Reputation: 3
I know RegEx is NOT the most ideal tool for searching within HTML. However, it's what I'm given to work with. Note: I'm not looking for something that will be robust across websites. For example, I'm just considering quotation marks, and I'm not worried about apostrophe characters.
Suppose I have the following text:
The quick brown "fox.jpg" jumps "google.com" over the "lazy.png" dog.
I'm wanting to search for specific Image links, matching "fox.jpg" and "lazy.png", ignoring "google.com". I could theoretically use a search pattern like
".*?"
that would find all quotes, from which I could simply parse each match to determine whether or not it's an image.
But something like
".*?(jpg|png)"
doesn't work because it returns "fox.jpg" (good) and "google.com" over the "lazy.png" (bad).
So: is there an extra "greedy" setting that I'm missing?

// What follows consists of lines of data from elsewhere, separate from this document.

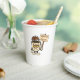 a hilarious cartoon coffee cup with sleepy eyes reminding everyone that coffee comes first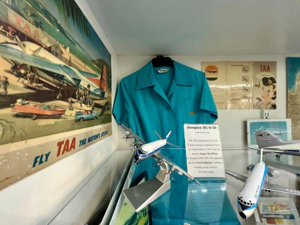 この受付のある展示館内には、オーストラリアの過去からのエアラインの歴史が模型や客室乗務員の制服などとともにずらっと展示されています。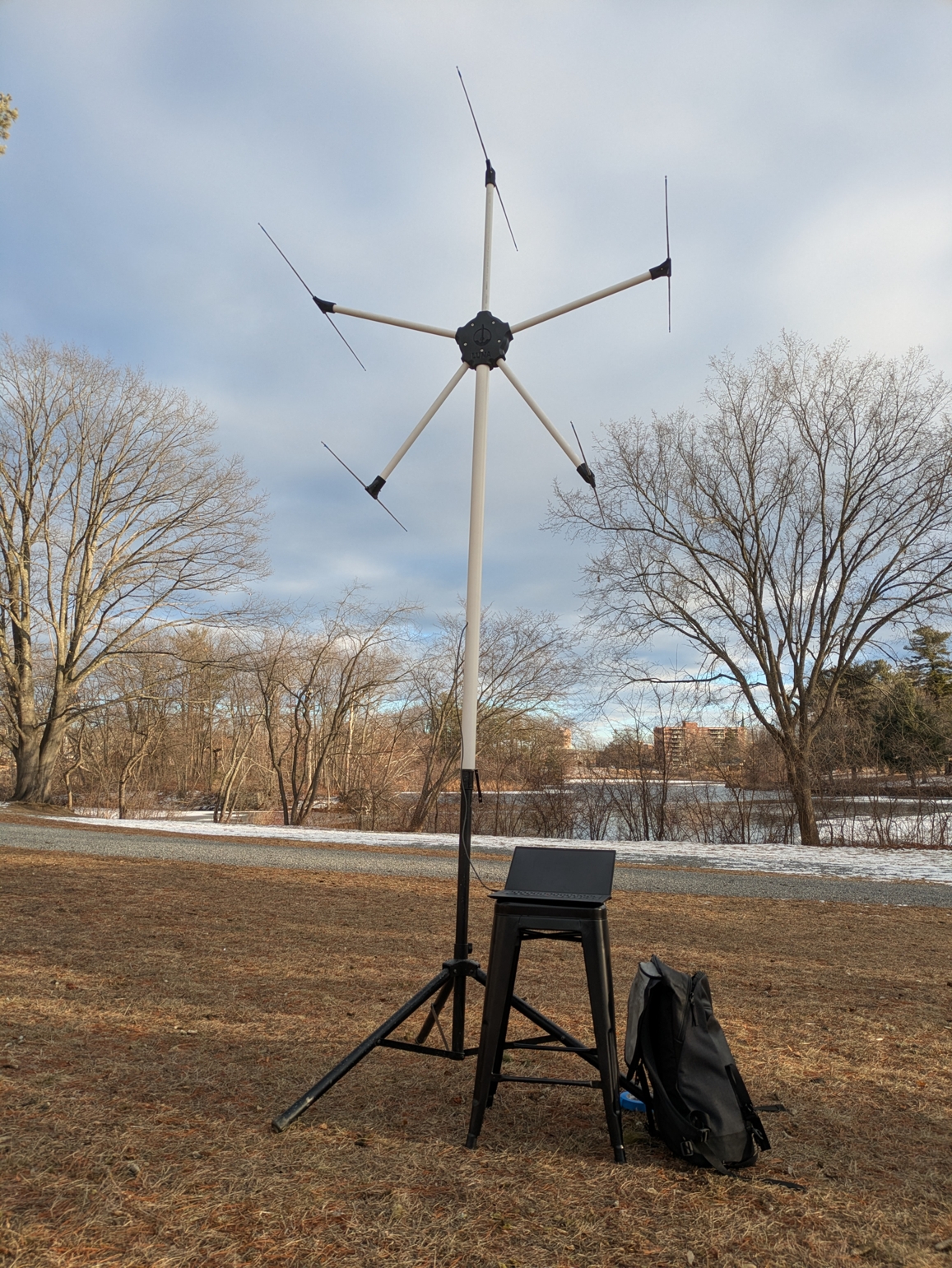 The radio source is a Light APRS, which transmits at 144 MHz and 1W. The DF antenna must work for rocket launches up to 30,000 ft. With a safety factor of 1.25, the free path loss is -99 dB. The receiving antenna is a dipole with 2.15 dBi of gain. I also account for -5 dB of loss on each end.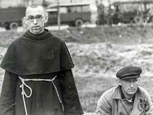 Gdynia, September 14, 1939. Two residents interned by the Germans, shortly after the occupation of the city, are waiting for questioning in the square on Świętojańska Street. On the left stands a monk from Niepokalanów dressed in a dark robe: Brother Kornel - Władysław Kaczmarek (Source: Institute of National Remembrance archives)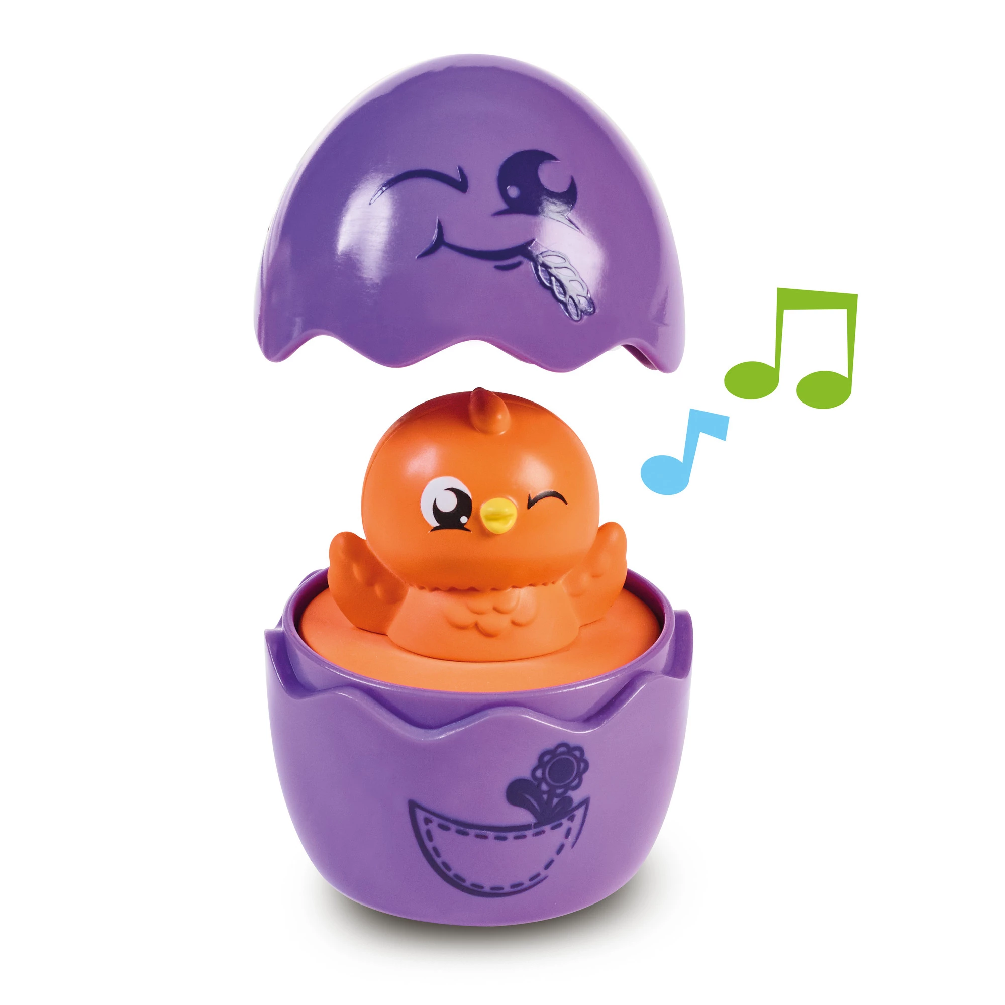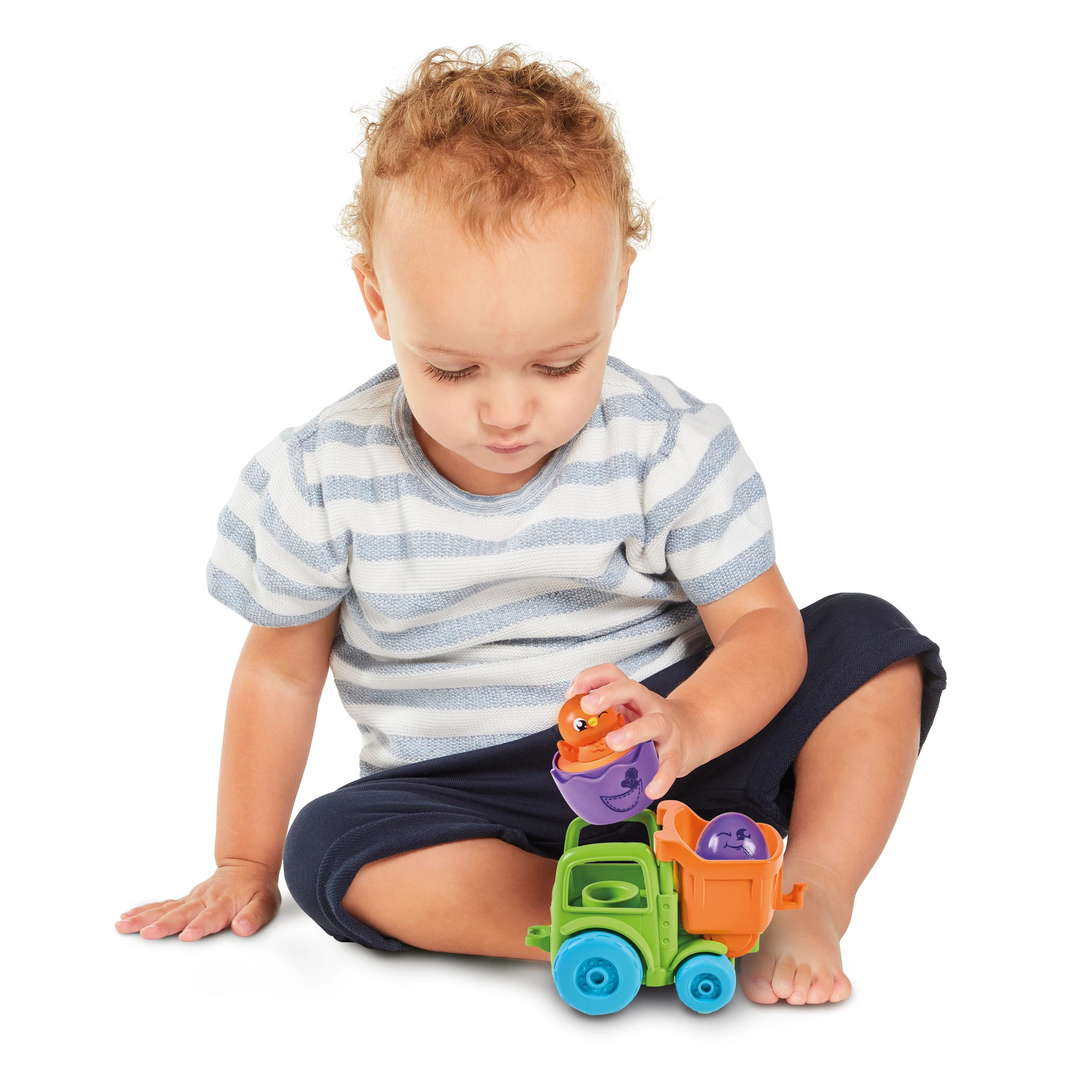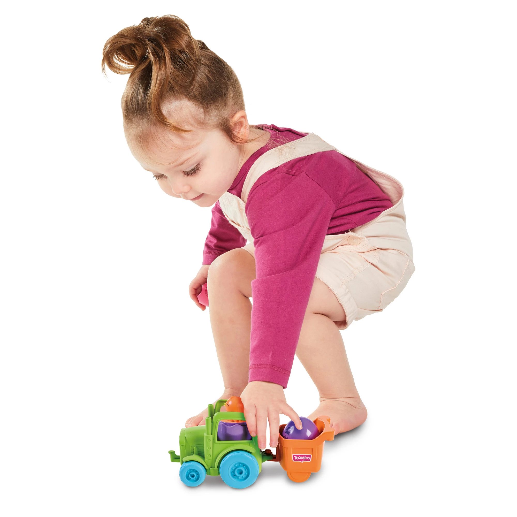 Трактор от Toomies сочетает в себе функционал двух транспортных средств. Во-первых, его можно использовать в качестве трактора с прицепом, а во-вторых — в роли самосвала. Трансформация игрушечного транспортного средства из трактора в самосвал осуществляется за считанные секунды. Достаточно перевернуть игрушку и вставить прицеп в специальные крепления. Все готово! Управляет трактором забавный птенчик, сидящий в яичной скорлупе. При нажатии на него можно услышать писк.

Something to tell RegEx that the first quotation mark of the match should be the quotation mark closest to the last quotation mark?
Upvotes: 0
Views: 143
Reputation: 370699
After the first "
, try repeating anything but a "
, via a negated character set, instead of .
, which will (undesirably) match a "
:
"[^"]*(jpg|png)"
https://regex101.com/r/PKZLp5/1
Doesn't matter whether the repetition is lazy or greedy now, though when the filename is longer than the file extension, greedy repetition will find a match slightly faster.
Upvotes: 4